Tuesday, May 31, 2016
What College Kids Can do Now to help Prepare for a Successful Financial Future
I recently had the opportunity to do a quick write and offer some tips for colleges students regarding preparing them for a successful financial future. So I'll go ahead and post it here. I hope you find this helpful.
Hello,
My name is Junior Jamreonvit. I've been a financial rep for 5 years now. I'm currently an independent broker/dealer at Capital Choice Financial Solutions. I've taken my Personal Finance classes at UCLA and currently hold my securities and insurance licenses. Finally, I am a Dave Ramsey Endorsed Local Provider for investing.
Addressing your topic, "What College Kids Can do Now to help Prepare for a Successful Financial Future":
- Have a Written Budget
You need to track your spending. You can either "tell your money where to go or wonder where it went." If you don't even know if you have a positive cash flow or not how are you ever going to get ahead with money? You need a budget. There are several apps you could download on your phone that could help you with this (e.g., YNAB - You Need A Budget). Be proactive at the beginning of each month have your categories down (e.g., expenses, food, etc) and know exactly where your money is going.
- Emergency Fund
This will be difficult for college students because you probably don't have a lot of money to spare to begin with but you need an emergency fund. Try and save anywhere between $300-$500 and put it in a savings account or money market. It's an account that is liquid so you can access it quickly. This money is for "emergencies" (e.g., car repair) because life happens.

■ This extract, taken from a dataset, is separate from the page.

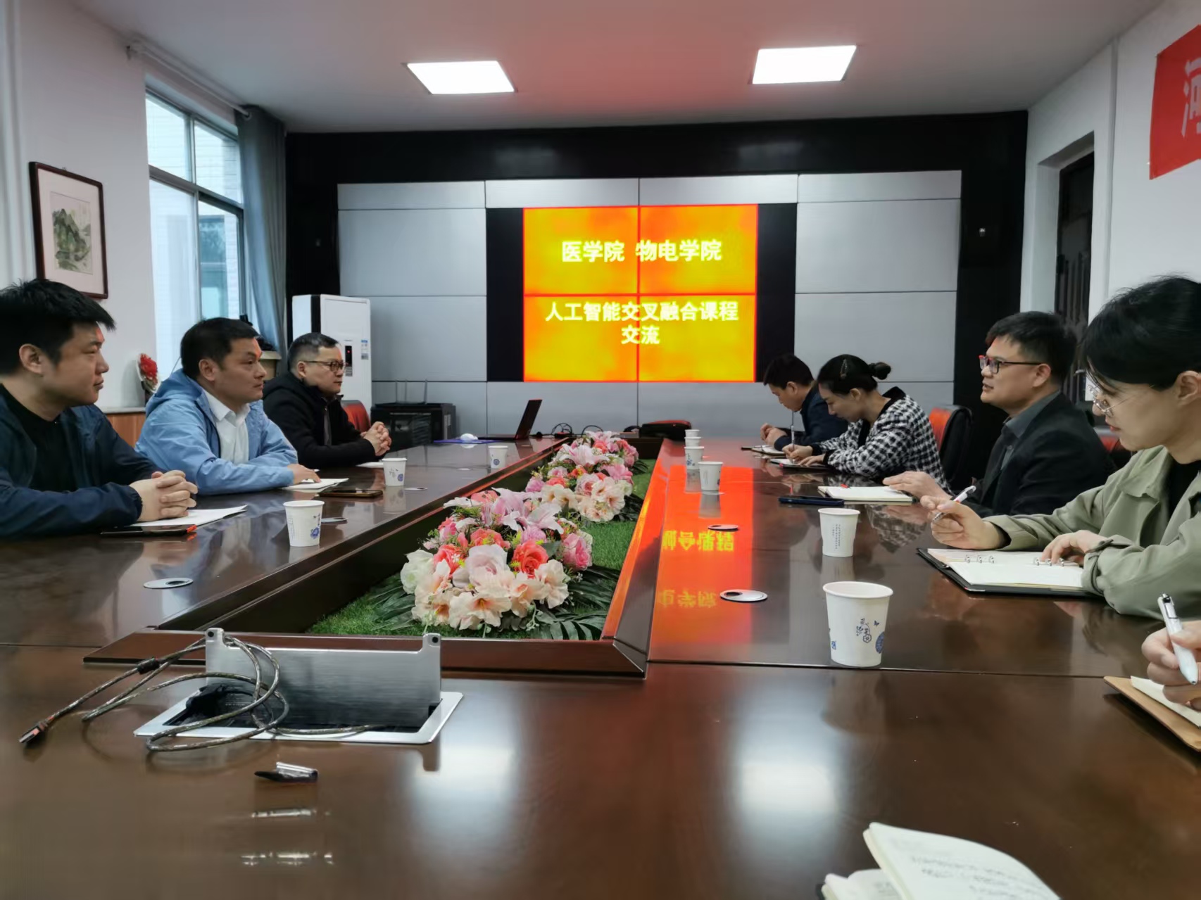交流会上,陈文波表示:“随着人工智能技术的飞速发展,其在医学领域的应用前景越来越广阔。我们希望通过这次交流会,能够加强医学院与物电学院的合作,共同探索人工智能在医学课程教育改革等方面的应用。”随后王新良主任介绍了腾讯元宝利用深度学习技术,能够准确快速地分析X光片,为医生提供初步诊断意见,大大提高了诊断效率。同时,大模型技术在医学领域的广泛应用也为学科交叉融合提供了新的思路。最后,双方在AI赋能药物设计和病理学诊断方面的教学案例方面达成了初步合作意向。此次交流会为医学院和物电学院的教师提供了一个宝贵的交流平台,今后两学院将继续深入交流和合作,共同推动人工智能+医学交叉融合课程建设。

If you had a sudden car repair that required $250 but didn't have the money you would probably charge it on your credit card, which is probably charging you anywhere between 15-18%. If you had the cash you could save on the interest.
- Get Out of Debt Plan
If you're a college student you will probably have some form of debt (e.g., student loans, car payment, credit card, etc). Try and avoid debt when possible (look at the above example). Put all your debt on paper (this should be a part of your written budget) and line them up from smallest balance to the largest. If you could get extra work and make some extra or save some extra money somehow throw the extra into the smallest debt amount you have until it's gone then rollover that payment into the next debt. For example, if you had a $50 monthly payment on a credit card with a balance of $300 but you decided to pay $100 per month to pay it off quicker, once you pay off that credit card you rollover that $100 you just freed up into the next debt (e.g., car payment) in order to pay that off quicker. Dave Ramsey calls this the "Debt Snowball."
If you stick to these basic principles they don't change once you leave college. The numbers will change because you'll get a better paying job (hopefully) but if you stick to this plan you will have built into your habits financial success.